Attachment Based Therapy: Evidence Supported Counseling Practices

By Toni Hoy|Updated April 8, 2022
CheckedMedically Reviewed By Lauren Guilbeault, LMHC

Attachment-Based Therapy Is Critical For Those Who Live With Attachment Disorders

If you think about the many relationships that you have in your life and their importance to your happiness and well-being, you can start to gain a greater understanding of how much our attachments and attachment types influence our lives. For those who live with attachment disorders.

What's Attachment Based Therapy?

Attachment-based therapy encompasses some fairly new, and rather controversial, therapies for treating attachment disorders. Attachment disorders are serious conditions that affect children beginning at a young age. If left untreated, attachment disorders can affect individuals and their relationships for a lifetime.

John Bowlby and Mary Ainsworth were some of the early pioneers on attachment-based therapy. "A Review of General Psychology" survey (2002) ranked Bowlby as the 49th most-cited psychologist of the 20th century.

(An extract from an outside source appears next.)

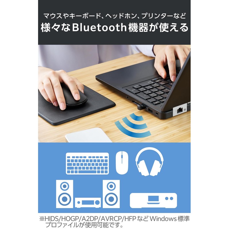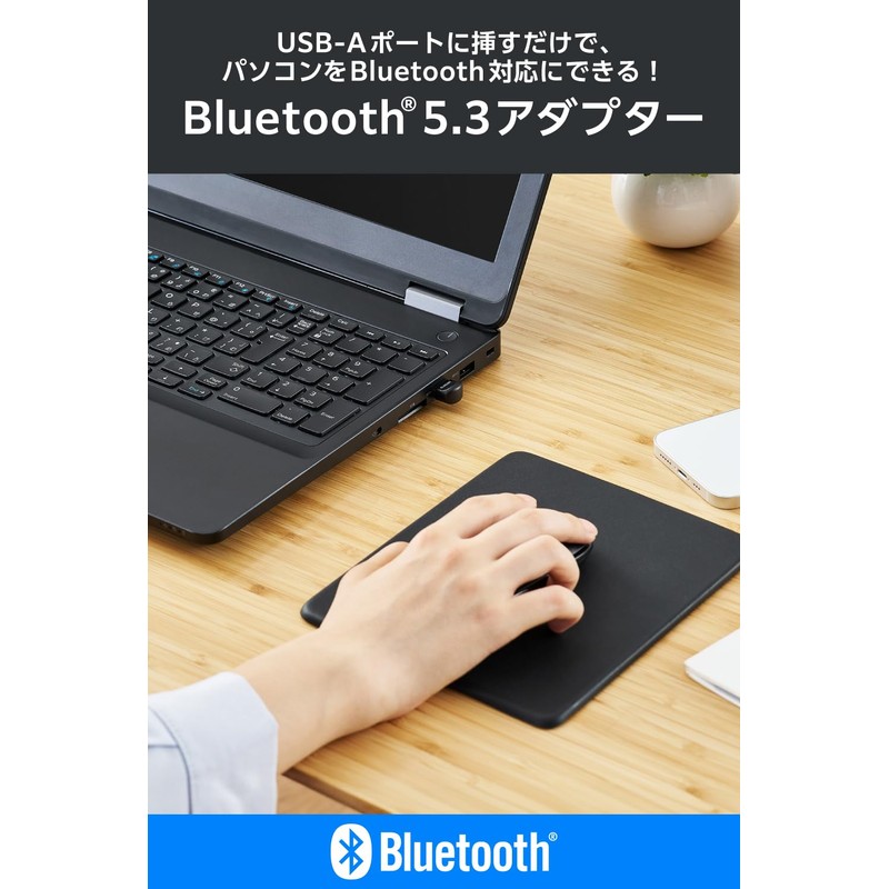 • Simply plug it into a USB-A port and your computer is Bluetooth(R) compatible. Bluetooth Ver. 5.3 USB Adapter

Research has given us some insight as to some dangerous methods of attachment-based therapy. More importantly, researchers continue to make progress in understanding the types of attachment-based therapies that are beginning to show promising results. However, it’s important to note that attachment-based therapy is still quite controversial, lacking substantial research, and can be dangerous depending on the exact approach used. For example, one attachment-based therapy technique called the rebirthing technique has been entirely banned in Colorado after a ten-year-old girl died due to suffocation. At the very least, significantly more research and understanding is needed before truly utilizing this attachment-based therapy methods.

To date, healing for attachment-based disorders focuses on understanding and strengthening the relationship between a child and his or her primary caregivers.

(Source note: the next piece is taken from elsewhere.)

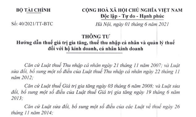 Theo tin từ Bộ Tài chính, Bộ này vừa ban hành Thông tư 40, hướng dẫn thuế giá trị gia tăng (GTGT), thuế thu nhập cá nhân (TNCN) và quản lý thuế đối với hộ kinh doanh, cá nhân kinh doanh.

What Are Attachment Disorders?

Attachment disorders are psychiatric illnesses that develop in very young children as characterized by their inability or difficulty in emotionally attaching to others. The illness is nearly always due to infant or toddler severe neglect or abuse.

Children who lacked early primary caregivers such as those who lived in orphanages, residential centers, or those who had multiple foster care placements, especially where care was abusive or neglectful, often develop attachment disorders. Children who've experienced multiple traumatic losses may also develop attachment-based disorders and could potentially benefit from attachment-based therapy, but, again, more research is needed.

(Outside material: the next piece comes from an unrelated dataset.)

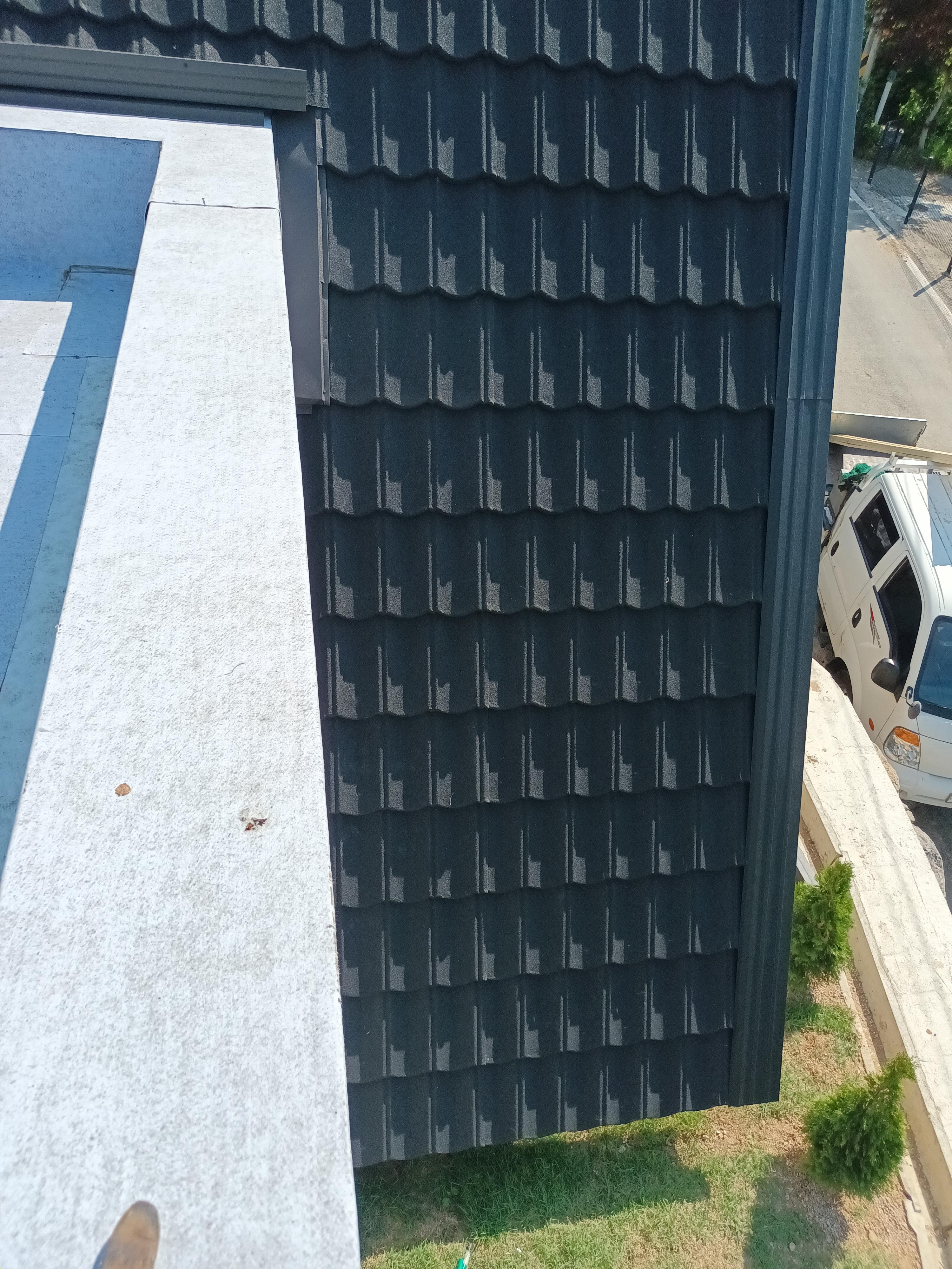 3. 각형 용마루 & 후레싱 마감 : 모던한 디자인을 살리기 위해 날렵한 각형 용마루를 사용하고, 사이드 라인은 후레싱 커버로 깔끔하게 처리했습니다.

According to the American Academy of Child and Adolescent Psychiatry, symptoms of attachment-based disorders may appear within the first year of life and may persist or exacerbate as the child gets older. Symptoms include:

  • Severe colic and feeding difficulties
  • Failure to gain weight
  • Detached and unresponsive behavior
  • Difficulty being comforted
  • Preoccupied and defiant behavior
  • Inhibition or hesitancy in social interactions
  • Being too close with strangers

Attachment-based disorders can develop into Reactive Attachment Disorder or Disinhibited Social Engagement Disorder.

What Is Reactive Based Attachment Disorder?

Reactive Attachment Disorder (RAD) is a brain disorder that develops when children have had negative experiences with adults during their early years, and their natural inclination is to disassociate with them. Children living with RAD don't naturally seek out a loving adult when they're stressed, upset, or feeling unregulated. This disorder is based on a child having little or no emotions when they interact with other children, their parents, or other adults. Children living with RAD experience intermittent and unusually strong emotions of unhappiness, irritability, depression, and fear without having the ability to comfort themselves. Chronic symptoms of severe emotional irregularity combined with a history of trauma indicate a diagnosis of RAD.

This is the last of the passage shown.